→ **DATA SECTION**:
________________________
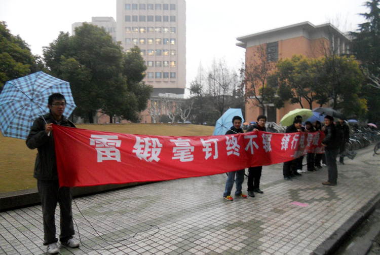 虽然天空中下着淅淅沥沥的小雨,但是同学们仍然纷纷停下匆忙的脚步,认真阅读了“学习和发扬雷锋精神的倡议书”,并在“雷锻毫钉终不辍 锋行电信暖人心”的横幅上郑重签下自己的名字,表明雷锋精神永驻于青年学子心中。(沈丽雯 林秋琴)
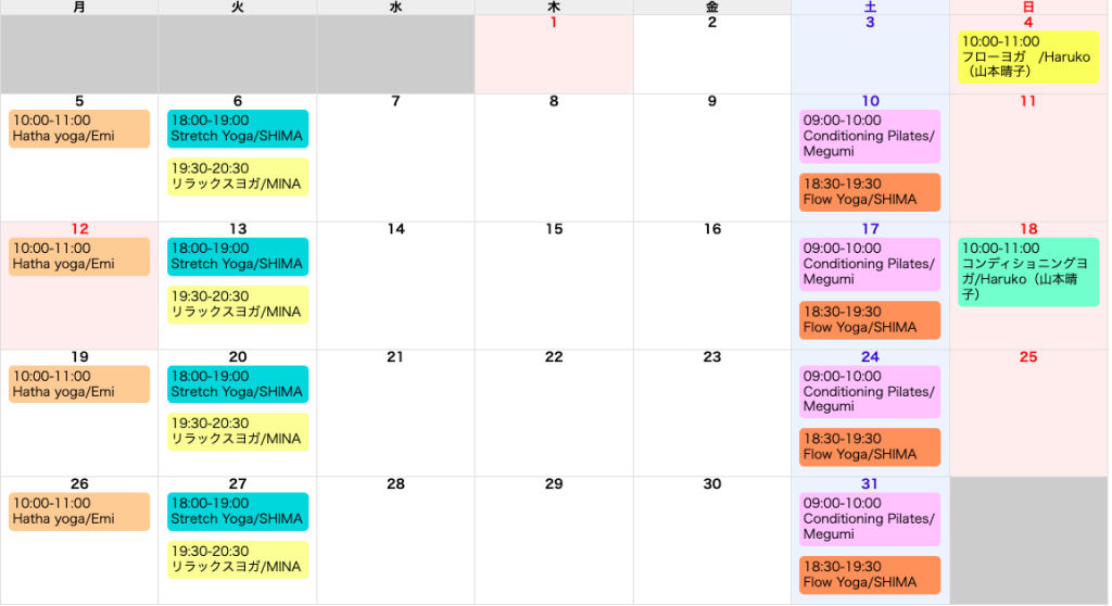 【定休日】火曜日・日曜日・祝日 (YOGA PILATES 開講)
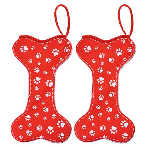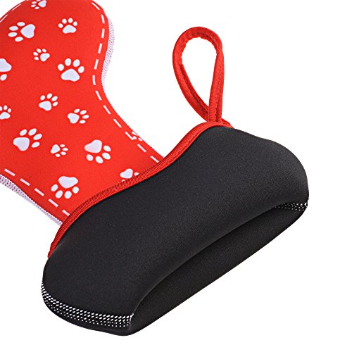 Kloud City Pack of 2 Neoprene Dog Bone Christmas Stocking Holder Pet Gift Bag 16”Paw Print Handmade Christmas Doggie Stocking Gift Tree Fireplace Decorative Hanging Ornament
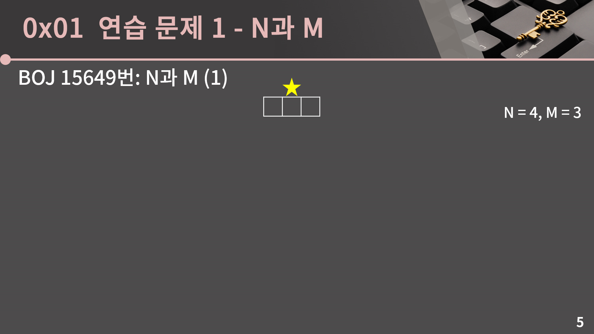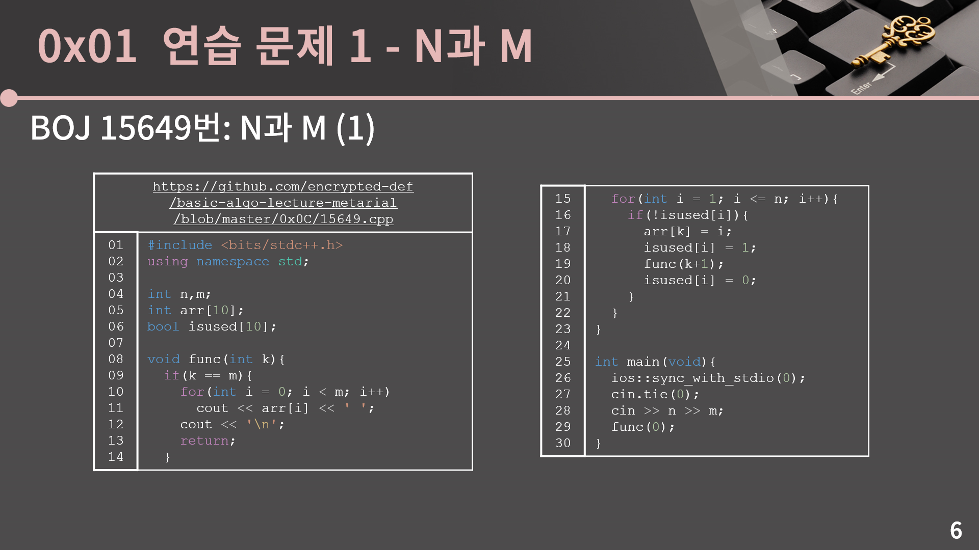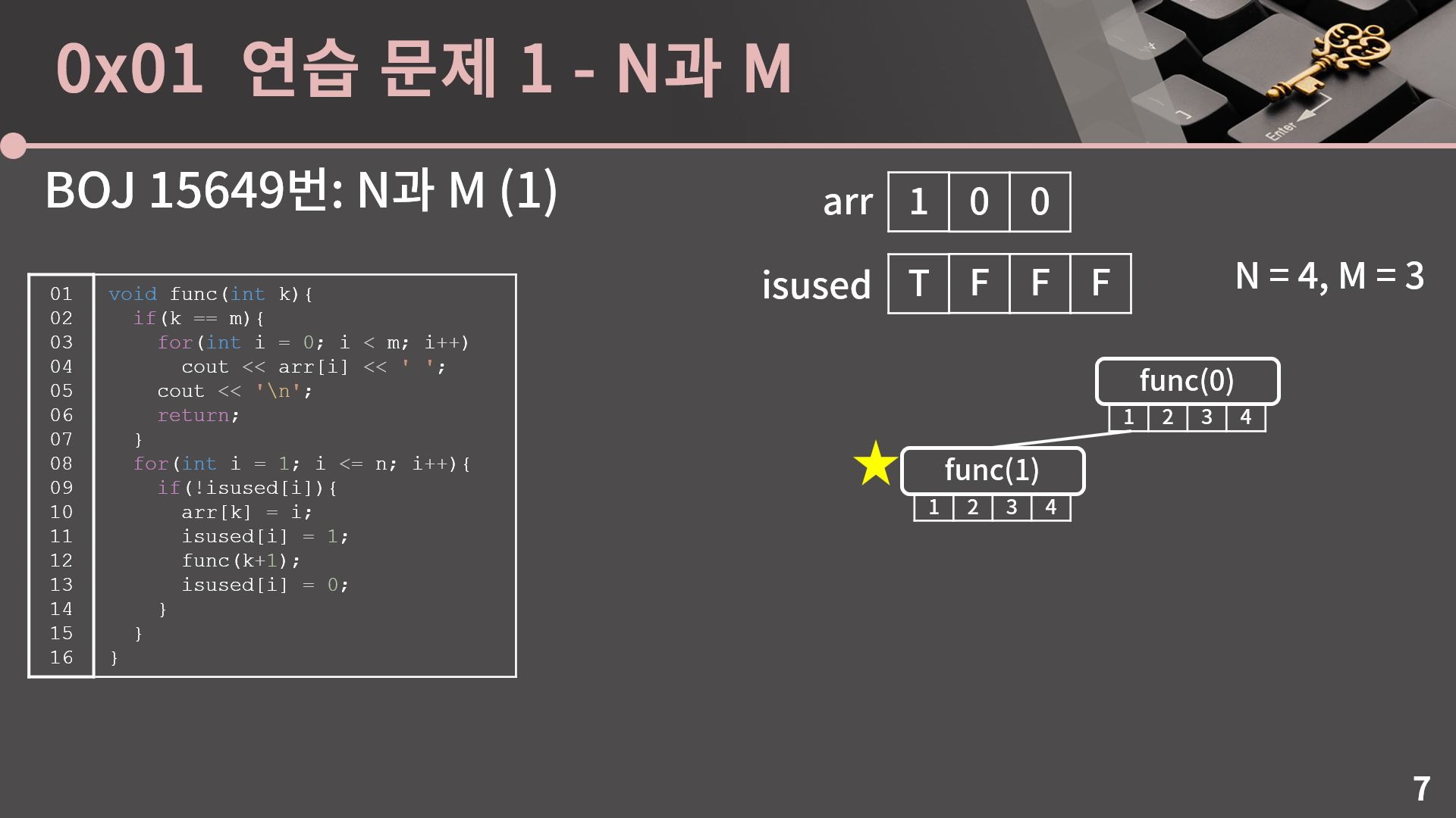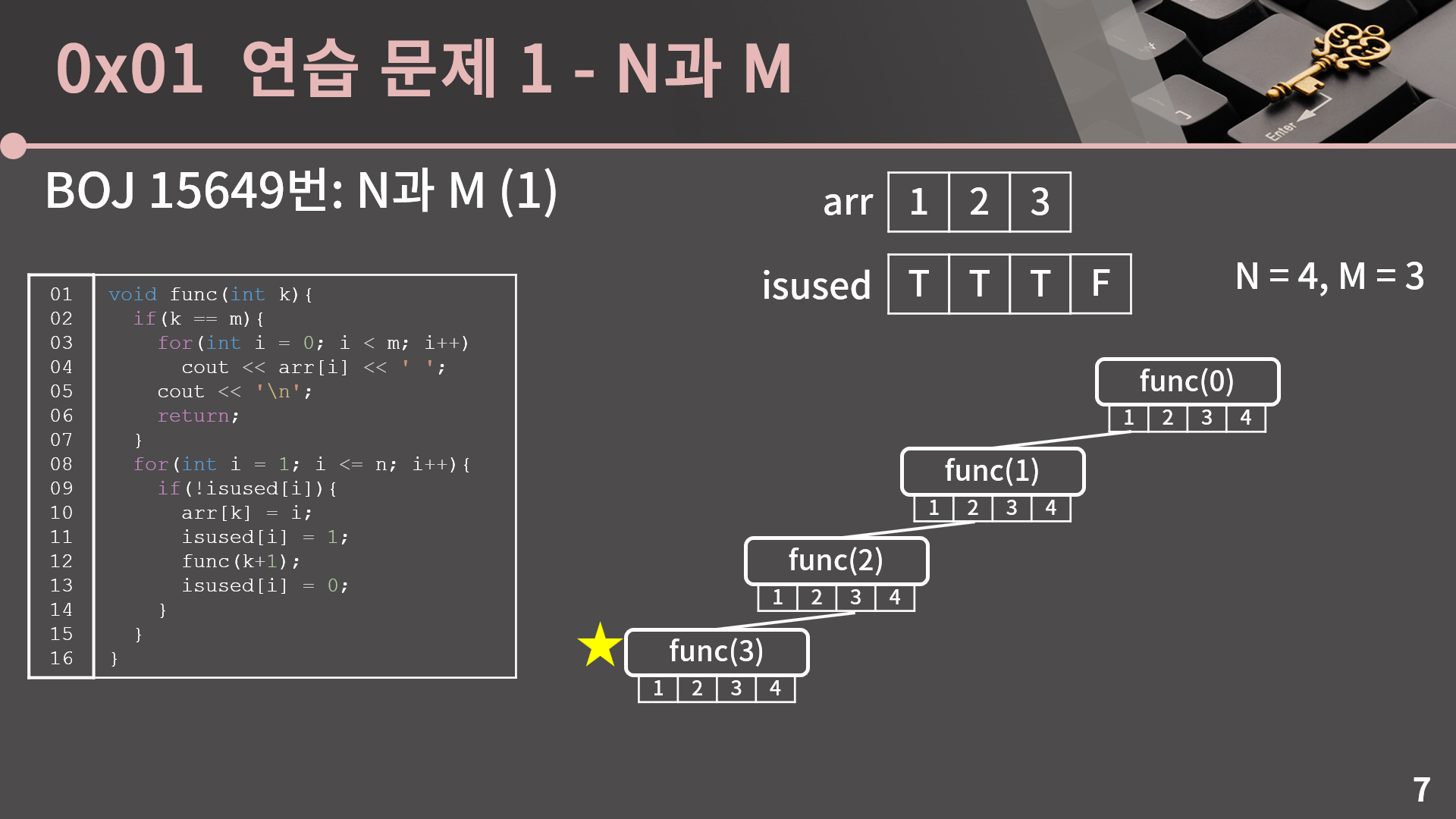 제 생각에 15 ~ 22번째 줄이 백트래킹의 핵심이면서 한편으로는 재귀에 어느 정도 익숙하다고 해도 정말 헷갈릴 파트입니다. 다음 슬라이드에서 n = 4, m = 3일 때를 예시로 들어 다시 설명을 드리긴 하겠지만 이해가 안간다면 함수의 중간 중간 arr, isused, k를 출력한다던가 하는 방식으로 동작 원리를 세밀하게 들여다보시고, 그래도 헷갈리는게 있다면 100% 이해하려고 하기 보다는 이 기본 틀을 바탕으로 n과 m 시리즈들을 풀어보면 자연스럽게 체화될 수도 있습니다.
________________________
→ **WHAT YOU NEED TO DO**:
What the answer must hold is the exact text of every line from the one containing "Kloud City Pack" through the end of the data, minus any pictures.

→ **EXERCISE SOLUTION**:
 Kloud City Pack of 2 Neoprene Dog Bone Christmas Stocking Holder Pet Gift Bag 16”Paw Print Handmade Christmas Doggie Stocking Gift Tree Fireplace Decorative Hanging Ornament
 제 생각에 15 ~ 22번째 줄이 백트래킹의 핵심이면서 한편으로는 재귀에 어느 정도 익숙하다고 해도 정말 헷갈릴 파트입니다. 다음 슬라이드에서 n = 4, m = 3일 때를 예시로 들어 다시 설명을 드리긴 하겠지만 이해가 안간다면 함수의 중간 중간 arr, isused, k를 출력한다던가 하는 방식으로 동작 원리를 세밀하게 들여다보시고, 그래도 헷갈리는게 있다면 100% 이해하려고 하기 보다는 이 기본 틀을 바탕으로 n과 m 시리즈들을 풀어보면 자연스럽게 체화될 수도 있습니다.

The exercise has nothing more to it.